差示细胞分析(表1)确证了在淋巴细胞特异的细胞因子存在下淋巴细胞群中细胞产量的扩增。第2周时,淋巴细胞构成了所述细胞中的主要部分(55%)。类似地,第4周时,淋巴细胞群占到了58.7%,与对照相比增长了三倍。因此,添加淋巴因子导致生物反应器中造血细胞向淋巴细胞生成转变。Differential cellular analysis (Table 1) confirmed the expansion of cell yield in the lymphocyte population in the presence of lymphocyte-specific cytokines. Atweek 2, lymphocytes constituted the majority (55%) of the cells. Similarly, atweek 4, the lymphocyte population accounted for 58.7%, a three-fold increase compared to the control. Thus, addition of lymphokines results in a shift from hematopoietic to lymphopoietic cells in the bioreactor.

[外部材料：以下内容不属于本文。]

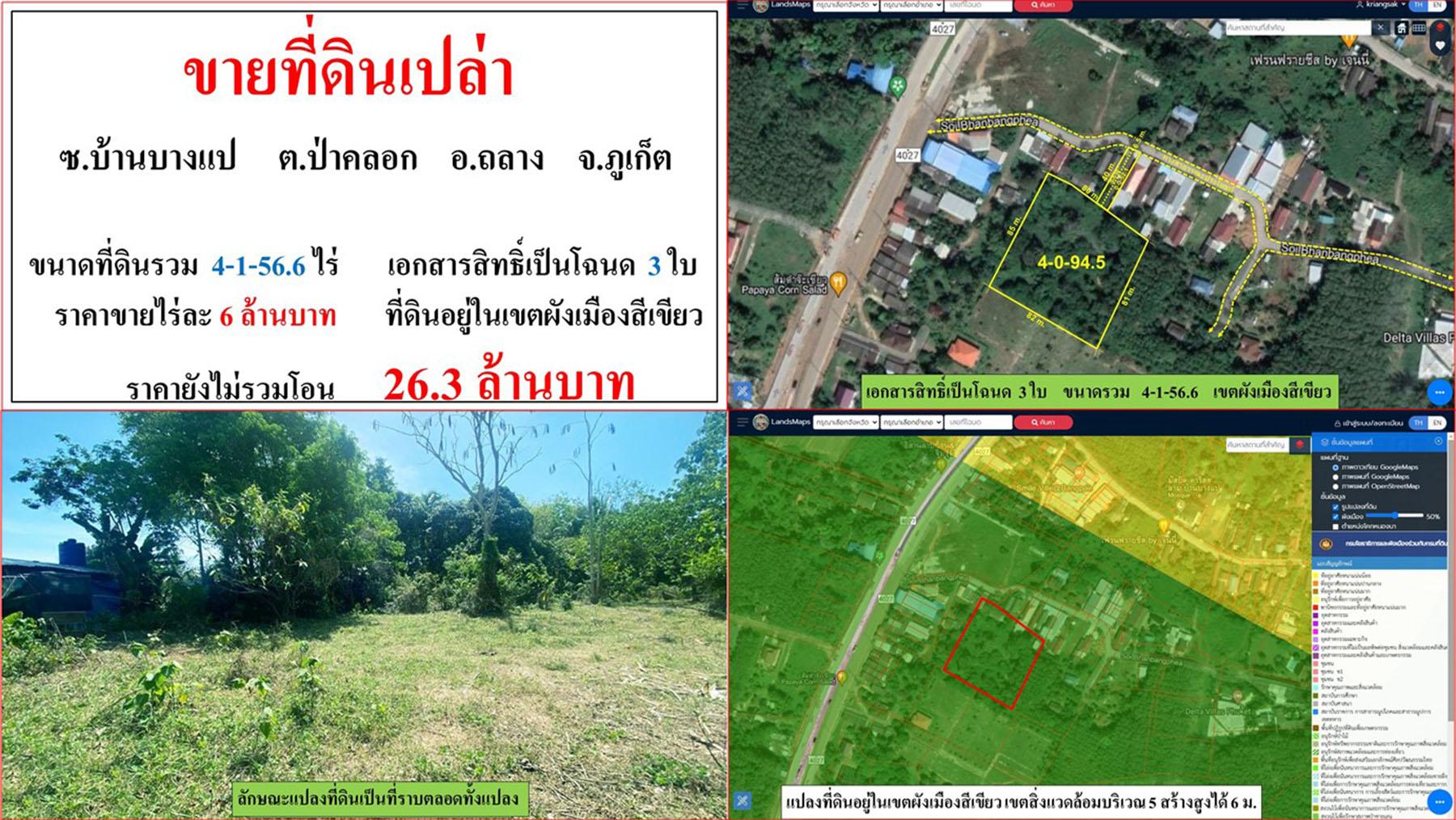 ขายที่ดินเปล่า ขนาด 4-1-56.6 ไร่ ซ.บ้านบางแป ต.ป่าคลอก อ.ถลาง ภูเก็ต

利用流式细胞记数通过下述CD3,CD4,和CD8抗原的表达分析了T-细胞亚型。在不存在外源生长因子的情况下(图8),培养过程中T淋巴细胞的百分比由新鲜骨髓(第0周)中的25%下降到约10-15%。有趣的是,CD4+辅助与CD8+细胞毒性细胞的比率在培养过程中保持恒定在1.5∶1,这也是在体内骨髓中的正常比率。当外源淋巴细胞特异的细胞因子(IL-2和IL-7)与SCF一起补充到培养基中时,可以观察到优先刺激CD4+T-细胞(图9)。这可以通过下述事实得以解释:已知IL-2刺激辅助T-细胞,其反过来产生细胞因子进一步加强辅助T-细胞群。T-cell subtypes were analyzed by flow cytometry by expression of the CD3, CD4, and CD8 antigens described below. In the absence of exogenous growth factors (Figure 8), the percentage of T lymphocytes decreased from 25% in fresh bone marrow (week 0) to about 10-15% during culture. Interestingly, the ratio of CD4+ helper to CD8+ cytotoxic cells remained constant at 1.5:1 during culture, which is also the normal ratio in bone marrow in vivo. When exogenous lymphocyte-specific cytokines (IL-2 and IL-7) were supplemented into the culture medium together with SCF, preferential stimulation of CD4+ T-cells could be observed (Fig. 9). This can be explained by the fact that IL-2 is known to stimulate helper T-cells, which in turn produce cytokines that further boost the helper T-cell population.

研究了T-细胞受体(TCR)亚型。已知T-细胞在其表面表达两种TCR亚型,TCRαβ和TCRγδ。大多数的T-细胞表达αβTCR。图10示出在不存在生长因子时大多数的T细胞(95%)在其表面表达TCRαβ。当SCF,IL-2,和IL-7添加到培养基中时,T淋巴细胞膨胀和/或表达αβTCR,相反,表达γδTCR的T细胞不受刺激。T-cell receptor (TCR) subtypes were studied. T-cells are known to express two TCR subtypes, TCRαβ and TCRγδ, on their surface. Most T-cells express the αβ TCR. Figure 10 shows that the majority of T cells (95%) express TCRαβ on their surface in the absence of growth factors. When SCF, IL-2, and IL-7 were added to the culture medium, T lymphocytes expanded and/or expressed αβTCR, whereas T cells expressing γδTCR were not stimulated.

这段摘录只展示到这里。